START Data provided

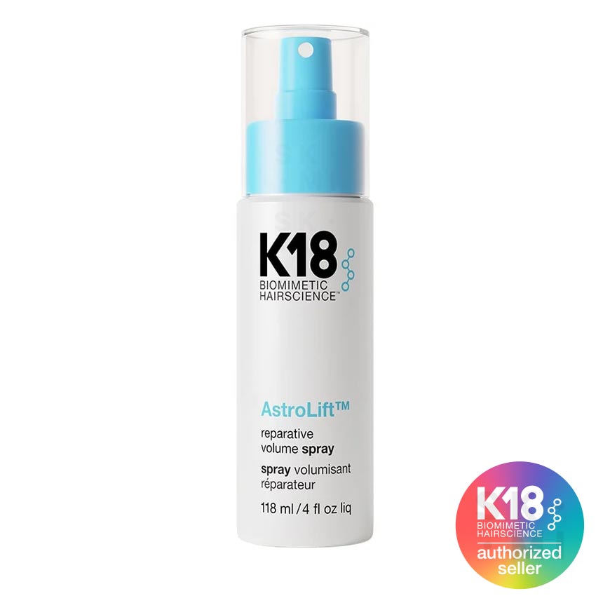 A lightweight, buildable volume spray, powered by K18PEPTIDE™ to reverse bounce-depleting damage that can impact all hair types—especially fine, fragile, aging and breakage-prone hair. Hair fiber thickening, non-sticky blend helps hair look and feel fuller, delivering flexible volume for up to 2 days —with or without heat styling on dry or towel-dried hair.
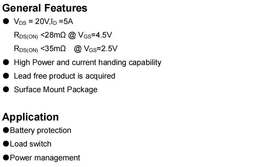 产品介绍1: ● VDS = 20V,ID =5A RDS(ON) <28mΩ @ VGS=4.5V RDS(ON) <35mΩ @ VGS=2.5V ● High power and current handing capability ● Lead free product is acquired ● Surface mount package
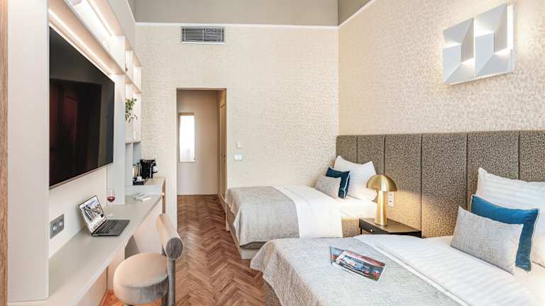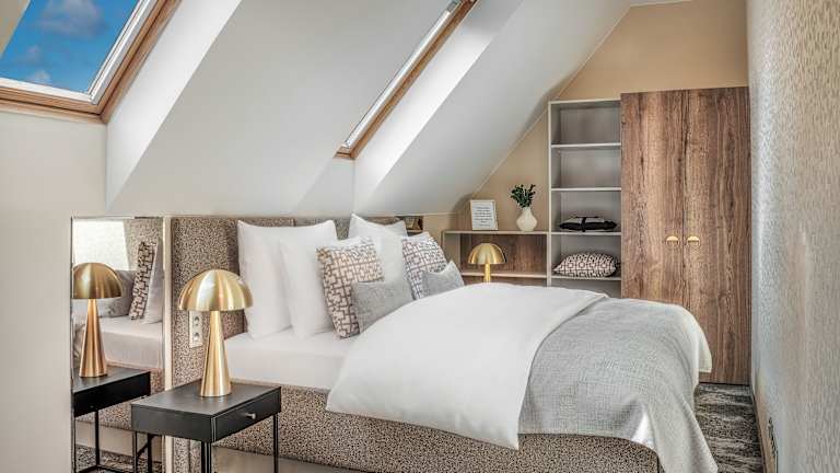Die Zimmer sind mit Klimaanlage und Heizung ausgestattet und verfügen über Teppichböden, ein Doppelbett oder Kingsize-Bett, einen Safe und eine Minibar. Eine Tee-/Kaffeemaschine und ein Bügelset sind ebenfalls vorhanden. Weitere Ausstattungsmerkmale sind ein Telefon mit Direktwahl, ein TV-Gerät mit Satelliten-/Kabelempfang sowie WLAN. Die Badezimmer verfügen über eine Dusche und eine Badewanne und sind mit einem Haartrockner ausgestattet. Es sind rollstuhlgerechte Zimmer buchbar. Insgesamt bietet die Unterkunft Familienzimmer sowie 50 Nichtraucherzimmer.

END Data provided

▸ Task description
All of the material should be reproduced exactly, apart from the pictures.

▸ Solution to the exercise
 A lightweight, buildable volume spray, powered by K18PEPTIDE™ to reverse bounce-depleting damage that can impact all hair types—especially fine, fragile, aging and breakage-prone hair. Hair fiber thickening, non-sticky blend helps hair look and feel fuller, delivering flexible volume for up to 2 days —with or without heat styling on dry or towel-dried hair.
 产品介绍1: ● VDS = 20V,ID =5A RDS(ON) <28mΩ @ VGS=4.5V RDS(ON) <35mΩ @ VGS=2.5V ● High power and current handing capability ● Lead free product is acquired ● Surface mount package
Die Zimmer sind mit Klimaanlage und Heizung ausgestattet und verfügen über Teppichböden, ein Doppelbett oder Kingsize-Bett, einen Safe und eine Minibar. Eine Tee-/Kaffeemaschine und ein Bügelset sind ebenfalls vorhanden. Weitere Ausstattungsmerkmale sind ein Telefon mit Direktwahl, ein TV-Gerät mit Satelliten-/Kabelempfang sowie WLAN. Die Badezimmer verfügen über eine Dusche und eine Badewanne und sind mit einem Haartrockner ausgestattet. Es sind rollstuhlgerechte Zimmer buchbar. Insgesamt bietet die Unterkunft Familienzimmer sowie 50 Nichtraucherzimmer.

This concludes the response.